Does malloc(sizeof(x)) initialise the allocated memory with x?

Question

Does tmp = malloc(sizeof(x)); the same automatically as tmp = malloc(sizeof(x)); *tmp = x;?

More specifically, is malloc instantly initialising my variable or is it just allocating memory and I have to initialise it myself?

Answer 1

The operator sizeof yields the size in bytes of its operand.

That is for example if the identifier x denotes a name of a variable of the type int then the expression sizeof( x ) yields the value 4 provided that for objects of the type int the compiler reserves 4 bytes.

So this call

tmp = malloc(sizeof(x));

will be equivalent to the call

tmp = malloc(sizeof(int));

that in turn is equivalent to

tmp = malloc( 4 );

This statement just tries to allocate dynamically 4 bytes. The allocated memory is uninitialized.
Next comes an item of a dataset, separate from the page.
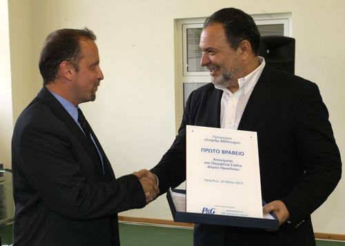 Βραβεύτηκε σήμερα, Τετάρτη 29 Μαΐου 2013, το Παγκρήτιο Στάδιο του Δήμου Ηρακλείου, ως ένα από τα καλύτερα Αθλητικά Κέντρα στην χώρα μας μετά από ηλεκτρονικό διαγωνισμό που υλοποίησε η εταιρεία P & G-Μαρινόπουλος, το έτος 2012 στα πλαίσια του προγράμματος «Στηρίζω Αθλητισμό».

Moreover the expression sizeof( x ) if x is not a variable length array is evaluated at compile time before the program begins its execution.

You could initialize it with zeroes the following way

tmp = calloc( 1, sizeof( x ) );

Answer 2

No, the function malloc() simply allocates memory on the heap. It doesn't initialize the pointer.

Answer 3

No. Even if malloc weren't defined to be uninitialized storage, sizeof(x) has nothing to do with the runtime value of x (it's just a friendly way to find the size of a variable's underlying type). There's no runtime use of the value of x at all in the code you provided.

Answer 4

No.

The memory returned by malloc isn't initialized.

Quoting cppreference,

Allocates size bytes of uninitialized storage.